No i ten charakterek HD. Całe życie jeździłem japończykami, po kupnie pierwszego HD w panice pojechałem do serwisu, że coś podcieka, zaczyna łomotać w silniku... normalnie zaraz sprzęt się rozpadnie. Chłopaki trochę się pośmiali, trochę powspółczuli. Wtedy uslyszałem - o ile Japończycy robią swoje motocykle z dokładnością do ułamka mililimetra, to Amerykanie swoje HD robią z dokładnością do ułamka cala. Jak się rozgrzeje, to się uszczelni.
 Coś w tym jest. Ale działa. :D

Nie mówię, że od razu masz kupować mojego Sporta (chociaż zachęcam :D ), ale jakbyś chciał zostać zarażonym harlejozą, służę uprzejmie.

Mike Resnick

(06.02.2016, 01:14 UTC)qkiz napisał(a): [ -> ]
(05.02.2016, 22:11 UTC)Mike Resnick napisał(a): [ -> ]@ qkiz

No czaję Hawk'a bo jak szukałem różnych informacji na temat mojej Hondy to się przewijała ta wersja :) Ja dopiero 4 sezon latam na moto, zaliczyłem dwie gleby ale na szczęście nic metalowego nie mam ;) Też mi się bardzo podobają HD, a niedawno w moim mieście otworzyli właśnie salon z motocyklami tej firmy. Myślałem nad Sportster'em, ale narazie tak bez żadnego planowania. Zobaczymy na wiosnę :)

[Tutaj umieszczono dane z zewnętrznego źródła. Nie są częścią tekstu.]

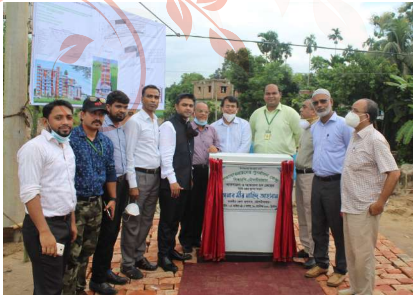
Guests inaugurating the construction of the permanent centre of CRP-Moulvibazar, Afsarul & Akhtarul Haque Centre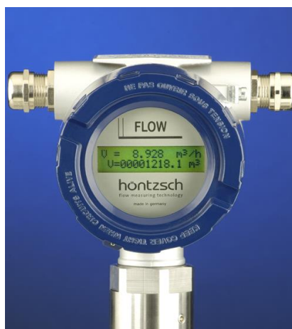
Ex-d transducer housing with optional LCD display

Salonów HD należy unikać. Chyba że jesteś baaardzo bogaty ;)
A Sporciak na początek jest świetny. Szczególnie starsze modele na gaźnikach. Pięknie czuć "good vibrations", silnik chodzi jak traktor, bardzo dobrze wyważony, w trasę pojedziesz, po mieście poszalejesz. Wszystko co najlepsze.

No i ten charakterek HD. Całe życie jeździłem japończykami, po kupnie pierwszego HD w panice pojechałem do serwisu, że coś podcieka, zaczyna łomotać w silniku... normalnie zaraz sprzęt się rozpadnie. Chłopaki trochę się pośmiali, trochę powspółczuli. Wtedy uslyszałem - o ile Japończycy robią swoje motocykle z dokładnością do ułamka mililimetra, to Amerykanie swoje HD robią z dokładnością do ułamka cala. Jak się rozgrzeje, to się uszczelni.
 Coś w tym jest. Ale działa. :D

Nie mówię, że od razu masz kupować mojego Sporta (chociaż zachęcam :D ), ale jakbyś chciał zostać zarażonym harlejozą, służę uprzejmie.

Hahaha, tak myślałem że będziesz zachęcał ;)  Masz jakieś fotki?